Louise instinctively urged her own horse into a canter, heading towards Wardley Wood, a mile ahead. In summers past the sisters had claimed it as their own adventure playground. This summer, though, it held an added poignancy. This summer it contained the memory of Joshua Calvert. Joshua and the things they’d done as they lazed by the side of the rock pools. Every outrageous sexual act, acts which no true well-born Norfolk lady would ever commit. Acts which she couldn’t wait for them to do again.
Also the acts which had made her throw up for the last three mornings in a row. Nanny had been her usual fuss the first two times. Thankfully, Louise had managed to conceal this morning’s bout of nausea, otherwise her mother would have been told. And Mother was pretty shrewd.
Louise grimaced forlornly. Everything will be fine once Joshua comes back. It had become almost a mantra recently.
Dear Jesus, but I hate this waiting.
Genevieve was a quarter of a mile from the woods, with Louise a hundred yards behind her, when they heard the train. The insistent tooting sound carried a long way in the calm air. Three short blasts, followed by a long one. The warning signal that it was approaching the open road crossing at Collyweston.
Genevieve reined her horse in, waiting for Louise to catch up with her. “It’s coming into town!” the younger girl exclaimed.
Both of them knew the local train times by heart. Colsterworth had twelve passenger services a day. This one wasn’t one of them.
“They’re coming back!” Genevieve squealed. “Daddy’s back!”
Merlin picked up on her excitement, running around the horse, barking enthusiastically.
Louise bit her lip. She couldn’t think what else it could be. “I suppose so.”
“It is. It is!”
“All right, come on then.”
Cricklade manor lurked inside its picket of huge geneered cedars, an imposing stone mansion built in homage to the stately homes of an England as distant in time as in space. The glass walls of the ornate orangery abutting the east wing reflected Duke’s brilliant yellow sunlight in geometric ripples as the sisters rode along the greensward below the building.

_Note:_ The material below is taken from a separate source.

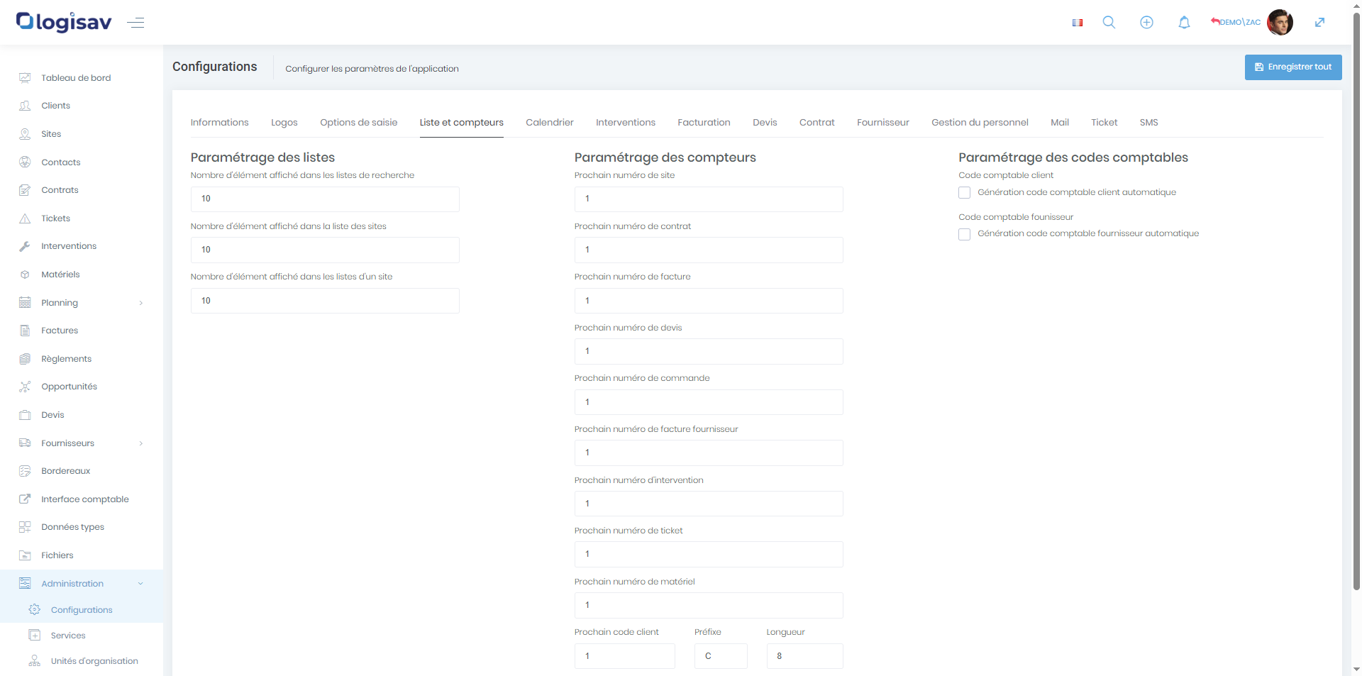 Pour accéder au menu de configurations de Logisav, cliquez sur le menu « Administration » puis sur « Configurations ».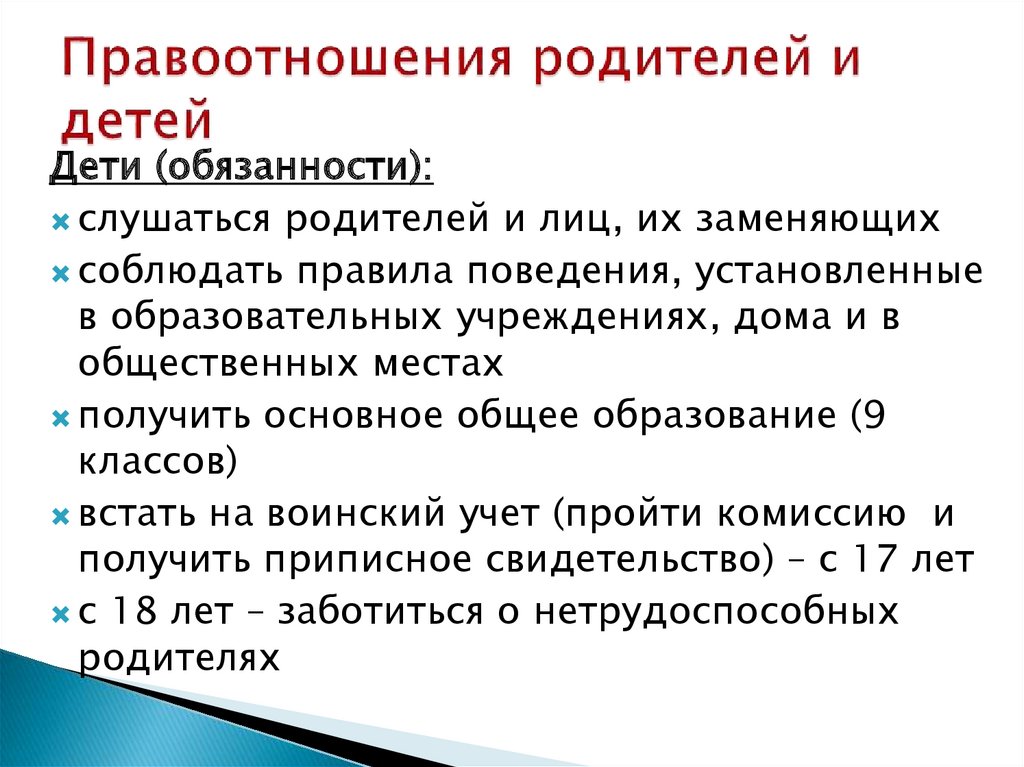 Дети (обязанности):слушаться родителей и лиц, их заменяющих

When she was inside the ring of cedars, Louise noticed the chunky blue-green farm ranger racing up the long gravel drive. She whooped loudly, goading her horse to an even faster gallop. Few people were allowed to drive the estate’s powered vehicles. And nobody else drove them as fast as Daddy.
Louise soon left Genevieve well behind, with an exhausted Merlin trailing by almost a quarter of a mile. She could see six figures crammed into the vehicle’s seats. And that was definitely Daddy driving. She didn’t recognise any of the others.
Another two farm rangers turned into the drive just as the first pulled up in front of the manor. Various household staff and Marjorie Kavanagh hurried down the broad steps to greet it.